**Dataset records:**
++++++++++
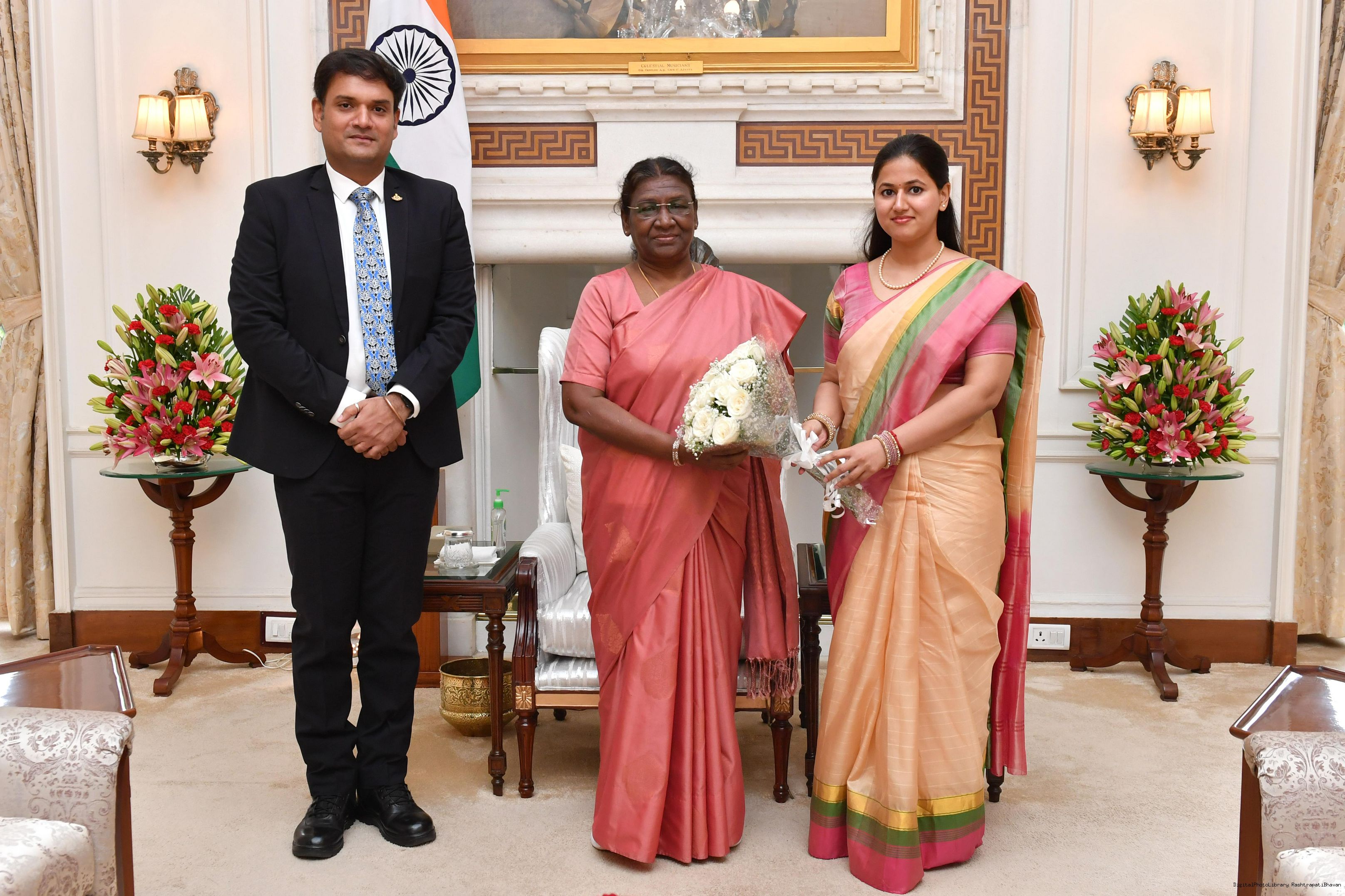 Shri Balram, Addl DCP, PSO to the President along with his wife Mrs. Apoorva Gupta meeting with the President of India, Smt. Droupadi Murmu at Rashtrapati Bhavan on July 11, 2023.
++++++++++
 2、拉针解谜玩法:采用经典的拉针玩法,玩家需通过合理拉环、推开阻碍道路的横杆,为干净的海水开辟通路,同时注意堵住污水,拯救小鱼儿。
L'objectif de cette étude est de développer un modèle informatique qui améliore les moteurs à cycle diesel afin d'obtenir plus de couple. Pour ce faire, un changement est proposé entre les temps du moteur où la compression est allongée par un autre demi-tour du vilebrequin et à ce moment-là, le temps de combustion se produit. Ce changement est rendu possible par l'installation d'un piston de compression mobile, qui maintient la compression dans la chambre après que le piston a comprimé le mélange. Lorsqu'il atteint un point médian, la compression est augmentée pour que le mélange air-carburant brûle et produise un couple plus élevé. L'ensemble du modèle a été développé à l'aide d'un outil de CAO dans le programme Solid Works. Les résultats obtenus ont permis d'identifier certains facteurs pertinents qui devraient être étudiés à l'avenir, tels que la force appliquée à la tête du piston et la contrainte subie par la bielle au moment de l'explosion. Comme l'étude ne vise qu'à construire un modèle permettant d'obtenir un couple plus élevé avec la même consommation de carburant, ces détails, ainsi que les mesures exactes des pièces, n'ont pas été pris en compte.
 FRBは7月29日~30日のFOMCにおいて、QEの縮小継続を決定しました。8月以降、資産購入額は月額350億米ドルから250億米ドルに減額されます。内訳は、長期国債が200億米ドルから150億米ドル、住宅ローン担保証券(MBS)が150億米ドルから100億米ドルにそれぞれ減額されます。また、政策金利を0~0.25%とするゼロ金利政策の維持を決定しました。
++++++++++
**Task objective:** Could you restate word for word the lines above from the one containing "L'objectif de cette" through the one containing "FRBは7月29日~30日の", both included, and nothing else?

**Your solution:**
L'objectif de cette étude est de développer un modèle informatique qui améliore les moteurs à cycle diesel afin d'obtenir plus de couple. Pour ce faire, un changement est proposé entre les temps du moteur où la compression est allongée par un autre demi-tour du vilebrequin et à ce moment-là, le temps de combustion se produit. Ce changement est rendu possible par l'installation d'un piston de compression mobile, qui maintient la compression dans la chambre après que le piston a comprimé le mélange. Lorsqu'il atteint un point médian, la compression est augmentée pour que le mélange air-carburant brûle et produise un couple plus élevé. L'ensemble du modèle a été développé à l'aide d'un outil de CAO dans le programme Solid Works. Les résultats obtenus ont permis d'identifier certains facteurs pertinents qui devraient être étudiés à l'avenir, tels que la force appliquée à la tête du piston et la contrainte subie par la bielle au moment de l'explosion. Comme l'étude ne vise qu'à construire un modèle permettant d'obtenir un couple plus élevé avec la même consommation de carburant, ces détails, ainsi que les mesures exactes des pièces, n'ont pas été pris en compte.
 FRBは7月29日~30日のFOMCにおいて、QEの縮小継続を決定しました。8月以降、資産購入額は月額350億米ドルから250億米ドルに減額されます。内訳は、長期国債が200億米ドルから150億米ドル、住宅ローン担保証券(MBS)が150億米ドルから100億米ドルにそれぞれ減額されます。また、政策金利を0~0.25%とするゼロ金利政策の維持を決定しました。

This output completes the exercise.